@katzenjoghurt:
For the core functions of the x265 encoder (especially those which are most often called in tight loops), some of the following sentences may be true, depending on performance gain, development progress in different bit depths, etc.:
- There is basic C/C++ code. It depends on the compiler options which instruction set is used. If your CPU supports it, x265 can use this code. If not, it will crash due to unsupported instructions.
- There is hand-optimized assembler code with MMX/SSE2 optimization. If your CPU supports it, x265 can use this code. If not, x265 should use simpler code.
- There is hand-optimized assembler code with SSSE3/SSE4 optimization. If your CPU supports it, x265 can use this code. If not, x265 should use simpler code.
- There is hand-optimized assembler code with AVX optimization. If your CPU supports it, x265 can use this code. If not, x265 should use simpler code.
- There is hand-optimized assembler code with AVX2 optimization. If your CPU supports it and you enable it explicitly, x265 can use this code.

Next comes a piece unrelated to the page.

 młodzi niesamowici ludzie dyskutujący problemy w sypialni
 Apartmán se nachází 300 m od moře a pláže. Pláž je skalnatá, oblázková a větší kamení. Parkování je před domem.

Well, for any x86-64 CPU today, SSE2 should be the minimum sensible supported instruction set. But already there are small differences. I remember the Athlon 64 (AMD K8) family being a threshold of providing an SSE2 implementation which is considered relatively "fast", but despite supporting SSE3 in specs, x264 and x265 will refuse to use it.
Usually all these code variants are present in a binary of (lib)x265, except they are excluded during compilation (e.g. you may disable all assembler code paths; but why would you want that?).